Canadian e-commerce transactions soared in 2021, with businesses – not consumers – doing most of the online purchasing. 

Statistics Canada data released today show that Canadian businesses that had at least five employees saw e-commerce sales jump more than 30 per cent, to $398 billion, compared with about $305 billion in 2020.

"Industries with a greater amount of business-to-business transactions dominated e-commerce sales," the nation's number cruncher said.

Manufacturers were responsible for about $105 billion worth of e-commerce sales. Wholesalers followed, with $77 billion worth of transactions, and those in the transportation and warehousing sectors conducted $51 billion worth of transactions.

Retailers, which sell directly to consumers, sold quite a bit less – only about $35 billion, or 8.8 per cent of overall Canadian e-commerce sales.

That was an increase of 60 per cent, compared with 2019, according to Statistics Canada data. 

One way that the pandemic affected retailers is that many of those who did not already have an e-commerce website built one

Statistics Canada data show 33 per cent of Canadian businesses had some e-commerce sales in 2021. That is up from 25 per cent of businesses with those sales in 2019.

Canadian businesses that sell products online grossed, on average, $3.7 million in those sales in 2021, according to Statistics Canada.

The trend in the past decade has been for businesses to transition into being what industry insiders call "omni-channel" ventures, where sales come from the Internet as well a bricks-and-mortar presence, such as a short-term pop-up store.

Cook Culture owners Jed and Regan Grieve recently closed their longtime bricks-and-mortar store at 377 Howe Street, and converted their Vancouver operation into being entirely e-commerce. The duo's venture is omni-channel because they continue to operate a physical store in Victoria. 

The Vancouver store closure, Jed Grieve told BIV, was in part a way to minimize lease costs.
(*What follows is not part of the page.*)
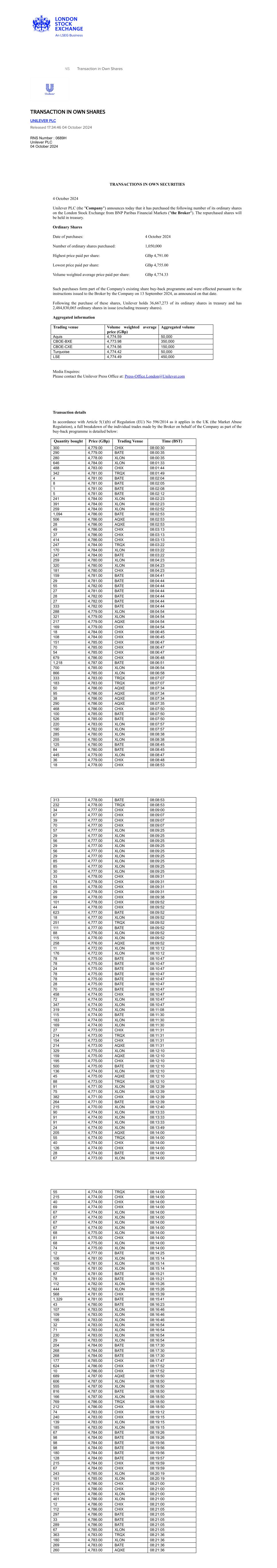 RNS Transaction in Own Shares TRANSACTION IN OWN SHARES UNILEVER PLC Released 17:34:46 04 October 2024 RNS Number : 0689H Unilever PLC 04 October 2024 TRANSACTIONS IN OWN SECURITIES 4 October 2024 Unilever PLC (the "Company") announces today that it has purchased the following number of its ordinary shares on the London Stock Exchange from BNP Paribas Financial Markets ("the Broker"). The repurchased shares will be held in treasury. Ordinary Shares Date of purchases: 4 October 2024 Number of ordinary shares purchased: 1,050,000 Highest price paid per share: GBp 4,791.00 Lowest price paid per share: GBp 4,755.00 Volume weighted average price paid per share: GBp 4,774.33 Such purchases form part of the Company's existing share buy-back programme and were effected pursuant to the instructions issued to the Broker by the Company on 13 September 2024, as announced on that date. Following the purchase of these shares, Unilever holds 36,667,273 of its ordinary shares in treasury and has 2,484,830,065 ordinary shares in issue (excluding treasury shares). Aggregated information Trading venue Volume weighted average price (GBp) Aggregated volume Aquis 4,774.59 50,000 CBOE-BXE 4,773.98 350,000 CBOE-CXE 4,774.56 150,000 Turquoise 4,774.42 50,000 LSE 4,774.49 450,000 Media Enquires: Please contact the Unilever Press Office at: Press-Office.London@Unilever.com Transaction details In accordance with Article 5(1)(b) of Regulation (EU) No 596/2014 as it applies in the UK (the Market Abuse Regulation), a full breakdown of the individual trades made by the Broker on behalf of the Company as part of the buy-back programme is detailed below: Quantity bought Price (GBp) Trading Venue Time (BST) 300 4,779.00 CHIX 08:00:30 290 4,779.00 BATE 08:00:35 280 4,778.00 XLON 08:00:35 646 4,784.00 XLON 08:01:33 488 4,783.00 CHIX 08:01:44 342 4,781.00 TRQX 08:01:49 4 4,781.00 BATE 08:02:04 8 4,781.00 BATE 08:02:05 1 4,781.00 BATE 08:02:08 5 4,781.00 BATE 08:02:12 241 4,784.00 XLON 08:02:23 391 4,784.00 XLON 08:02:23 259 4,784.00 XLON 08:02:52 1,094 4,786.00 BATE 08:02:53 506 4,786.00 AQXE 08:02:53 28 4,786.00 AQXE 08:02:53 49 4,786.00 CHIX 08:03:13 37 4,786.00 CHIX 08:03:13 414 4,786.00 CHIX 08:03:13 247 4,784.00 TRQX 08:03:22 170 4,784.00 XLON 08:03:22 247 4,784.00 BATE 08:03:22 259 4,780.00 XLON 08:04:23 320 4,780.00 XLON 08:04:23 181 4,780.00 CHIX 08:04:23 159 4,781.00 BATE 08:04:41 29 4,781.00 BATE 08:04:44 55 4,782.00 BATE 08:04:44 27 4,781.00 BATE 08:04:44 28 4,782.00 BATE 08:04:44 27 4,782.00 BATE 08:04:44 333 4,782.00 BATE 08:04:44 288 4,779.00 XLON 08:04:54 321 4,779.00 XLON 08:04:54 217 4,779.00 AQXE 08:04:54 169 4,779.00 CHIX 08:04:54 18 4,784.00 CHIX 08:06:45 108 4,784.00 CHIX 08:06:45 151 4,785.00 CHIX 08:06:47 70 4,785.00 CHIX 08:06:47 54 4,785.00 CHIX 08:06:47 679 4,786.00 CHIX 08:06:48 1,218 4,787.00 BATE 08:06:51 700 4,785.00 XLON 08:06:54 866 4,785.00 XLON 08:06:58 333 4,783.00 TRQX 08:07:07 183 4,783.00 TRQX 08:07:07 50 4,786.00 AQXE 08:07:34 95 4,786.00 AQXE 08:07:34 38 4,786.00 AQXE 08:07:34 290 4,786.00 AQXE 08:07:35 468 4,786.00 CHIX 08:07:50 100 4,785.00 BATE 08:07:50 526 4,785.00 BATE 08:07:50 220 4,783.00 XLON 08:07:57 190 4,782.00 XLON 08:07:57 285 4,780.00 XLON 08:08:38 255 4,780.00 XLON 08:08:38 125 4,780.00 BATE 08:08:45 84 4,780.00 BATE 08:08:45 445 4,779.00 XLON 08:08:47 36 4,779.00 CHIX 08:08:48 18 4,778.00 CHIX 08:08:53 313 4,778.00 BATE 08:08:53 232 4,778.00 TRQX 08:08:53 34 4,777.00 CHIX 08:09:00 67 4,777.00 CHIX 08:09:07 39 4,777.00 CHIX 08:09:07 70 4,777.00 CHIX 08:09:07 57 4,777.00 XLON 08:09:25 29 4,777.00 XLON 08:09:25 56 4,777.00 XLON 08:09:25 29 4,777.00 XLON 08:09:25 56 4,777.00 XLON 08:09:25 29 4,777.00 XLON 08:09:25 85 4,777.00 XLON 08:09:25 85 4,777.00 XLON 08:09:25 30 4,777.00 XLON 08:09:25 33 4,778.00 CHIX 08:09:31 74 4,778.00 CHIX 08:09:31 65 4,778.00 CHIX 08:09:31 29 4,778.00 CHIX 08:09:31 99 4,778.00 CHIX 08:09:38 101 4,778.00 CHIX 08:09:52 44 4,778.00 CHIX 08:09:52 623 4,777.00 BATE 08:09:52 18 4,777.00 XLON 08:09:52 251 4,777.00 TRQX 08:09:52 111 4,777.00 BATE 08:09:52 88 4,776.00 XLON 08:09:52 115 4,776.00 XLON 08:09:52 258 4,776.00 AQXE 08:09:52 11 4,772.00 XLON 08:10:12 176 4,772.00 XLON 08:10:12 78 4,775.00 BATE 08:10:47 78 4,775.00 BATE 08:10:47 24 4,775.00 BATE 08:10:47 78 4,775.00 BATE 08:10:47 78 4,775.00 BATE 08:10:47 28 4,775.00 BATE 08:10:47 70 4,775.00 BATE 08:10:47 458 4,774.00 CHIX 08:10:47 72 4,774.00 XLON 08:10:47 347 4,774.00 XLON 08:10:47 319 4,774.00 XLON 08:11:08 115 4,774.00 BATE 08:11:30 183 4,774.00 XLON 08:11:30 169 4,774.00 XLON 08:11:30 27 4,773.00 CHIX 08:11:31 214 4,773.00 TRQX 08:11:31 154 4,773.00 CHIX 08:11:31 214 4,773.00 AQXE 08:11:31 329 4,775.00 XLON 08:12:10 159 4,775.00 AQXE 08:12:10 195 4,775.00 CHIX 08:12:10 500 4,775.00 BATE 08:12:10 136 4,774.00 XLON 08:12:10 45 4,775.00 AQXE 08:12:10 88 4,773.00 TRQX 08:12:10 91 4,771.00 XLON 08:12:39 75 4,771.00 XLON 08:12:39 382 4,771.00 CHIX 08:12:39 264 4,771.00 BATE 08:12:39 215 4,770.00 XLON 08:12:40 90 4,774.00 XLON 08:13:33 91 4,774.00 XLON 08:13:33 91 4,774.00 XLON 08:13:33 24 4,774.00 XLON 08:13:49 205 4,774.00 AQXE 08:14:00 55 4,774.00 TRQX 08:14:00 40 4,774.00 CHIX 08:14:00 126 4,774.00 CHIX 08:14:00 28 4,774.00 BATE 08:14:00 67 4,773.00 XLON 08:14:00 55 4,774.00 TRQX 08:14:00 215 4,774.00 CHIX 08:14:00 40 4,774.00 CHIX 08:14:00 69 4,774.00 CHIX 08:14:00 67 4,774.00 XLON 08:14:00 67 4,774.00 XLON 08:14:00 67 4,774.00 XLON 08:14:00 67 4,774.00 XLON 08:14:00 68 4,775.00 XLON 08:14:00 81 4,775.00 CHIX 08:14:00 68 4,775.00 XLON 08:14:00 74 4,775.00 XLON 08:14:00 12 4,777.00 BATE 08:14:25 106 4,781.00 XLON 08:15:14 403 4,781.00 XLON 08:15:14 100 4,781.00 XLON 08:15:14 87 4,781.00 BATE 08:15:21 78 4,781.00 BATE 08:15:21 112 4,782.00 XLON 08:15:26 444 4,782.00 XLON 08:15:26 568 4,781.00 CHIX 08:15:39 1,329 4,781.00 BATE 08:15:41 43 4,780.00 BATE 08:16:23 107 4,783.00 XLON 08:16:46 109 4,783.00 XLON 08:16:46 195 4,783.00 XLON 08:16:46 32 4,783.00 XLON 08:16:54 71 4,783.00 XLON 08:16:54 230

He is optimistic that his company's popular YouTube channel will continue to drive customer interest and transactions. 

Vancouver-based Indochino has used a reverse strategy.

It launched an e-commerce website in September 2007, after co-founders Kyle Vucko and Heikal Gani dreamed up the concept of having an online-only suit-selling business the year before, when they were students at the University of Victoria.

By 2011, the duo realized that having a tangible presence could help sales, so they launched what they called travelling tailor pop-up stores, which were open for four or five days at a time before moving on to a new city.

They attached a permanent showroom to Indochino's Vancouver head office, and then opened stores in Toronto, New York and San Francisco. Their first stand-alone Vancouver store came in 2014.

Indochino now has more than 50 showrooms across North America, according to its website.